══ Information given

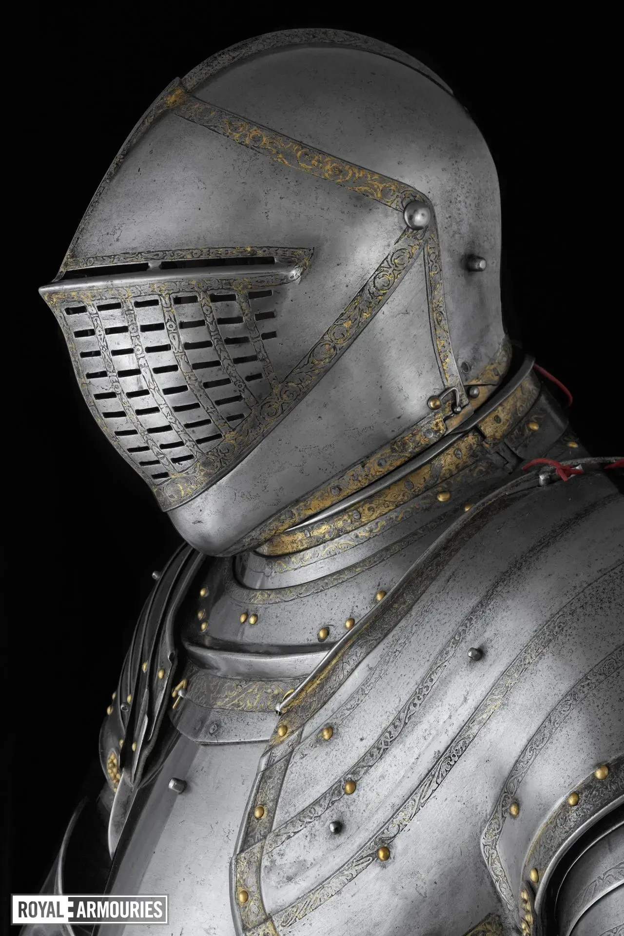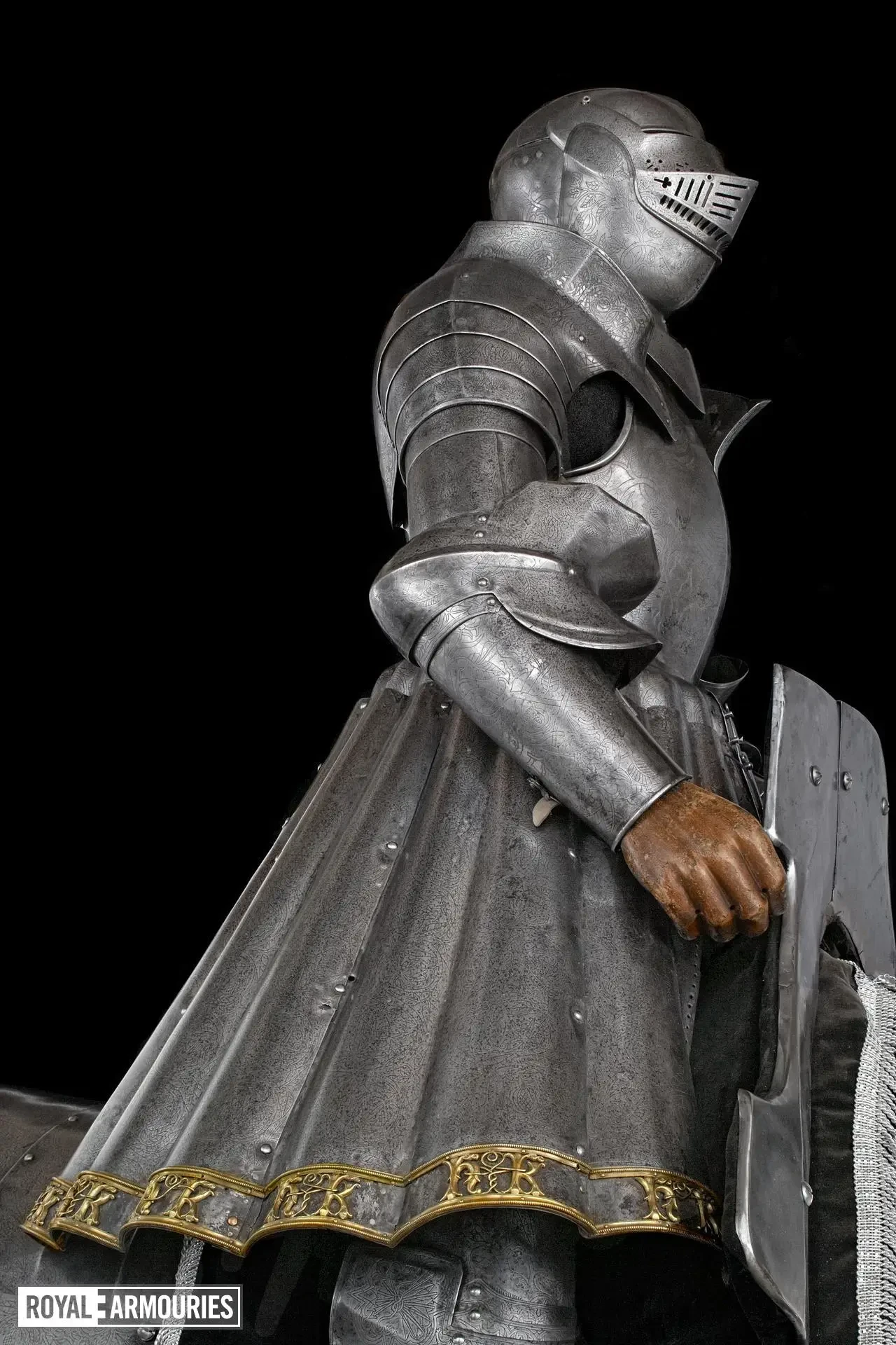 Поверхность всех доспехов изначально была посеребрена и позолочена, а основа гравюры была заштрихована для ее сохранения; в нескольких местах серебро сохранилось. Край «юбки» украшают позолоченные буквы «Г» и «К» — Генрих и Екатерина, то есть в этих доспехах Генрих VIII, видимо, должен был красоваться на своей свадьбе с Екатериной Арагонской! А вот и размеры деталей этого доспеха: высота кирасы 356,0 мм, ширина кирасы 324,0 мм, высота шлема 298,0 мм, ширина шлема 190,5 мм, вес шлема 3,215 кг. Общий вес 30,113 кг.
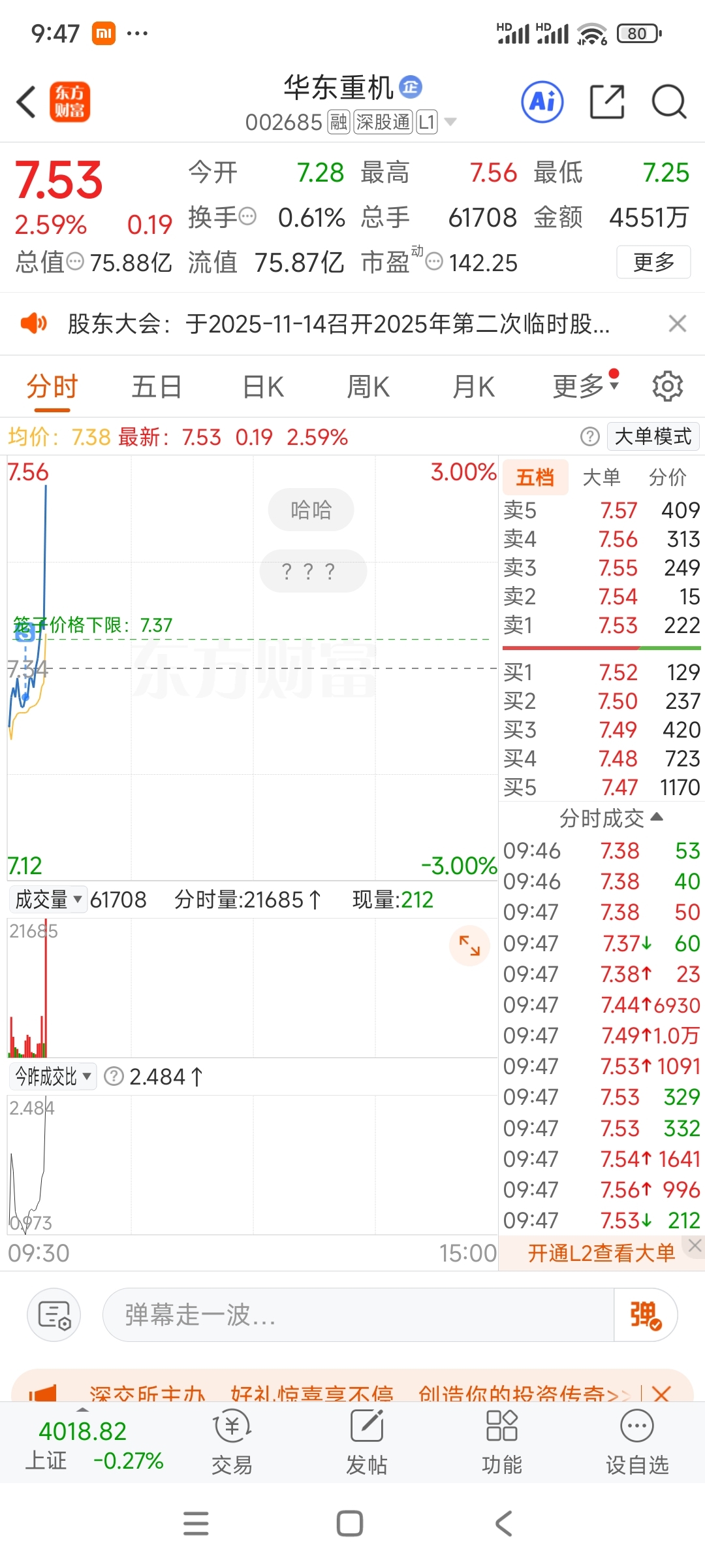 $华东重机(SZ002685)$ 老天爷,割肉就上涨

════
══ Information given

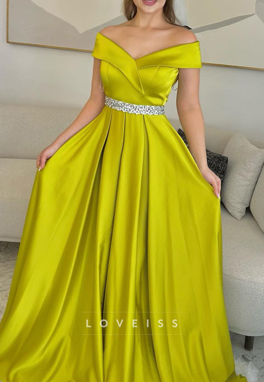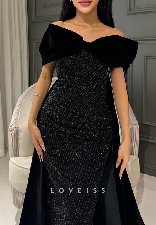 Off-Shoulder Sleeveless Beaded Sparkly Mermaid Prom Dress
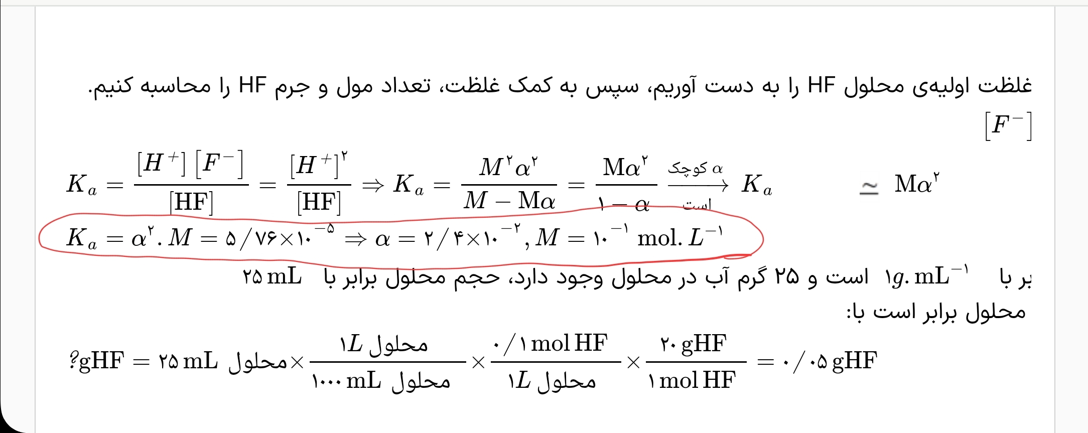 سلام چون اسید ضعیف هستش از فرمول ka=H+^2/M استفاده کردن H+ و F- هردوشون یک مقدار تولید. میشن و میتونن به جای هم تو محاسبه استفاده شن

════
══ Information given

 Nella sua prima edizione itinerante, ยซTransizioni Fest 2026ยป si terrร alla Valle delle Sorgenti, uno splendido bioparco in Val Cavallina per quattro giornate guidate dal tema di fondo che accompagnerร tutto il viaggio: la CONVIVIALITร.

════

Nothing outside the stretch above, from the line with "Off-Shoulder Sleeveless Beaded" through the line with "سلام چون اسید", is set down. Transcribe that stretch exactly, ends included, but not its pictures.

__The completed task__:
 Off-Shoulder Sleeveless Beaded Sparkly Mermaid Prom Dress
 سلام چون اسید ضعیف هستش از فرمول ka=H+^2/M استفاده کردن H+ و F- هردوشون یک مقدار تولید. میشن و میتونن به جای هم تو محاسبه استفاده شن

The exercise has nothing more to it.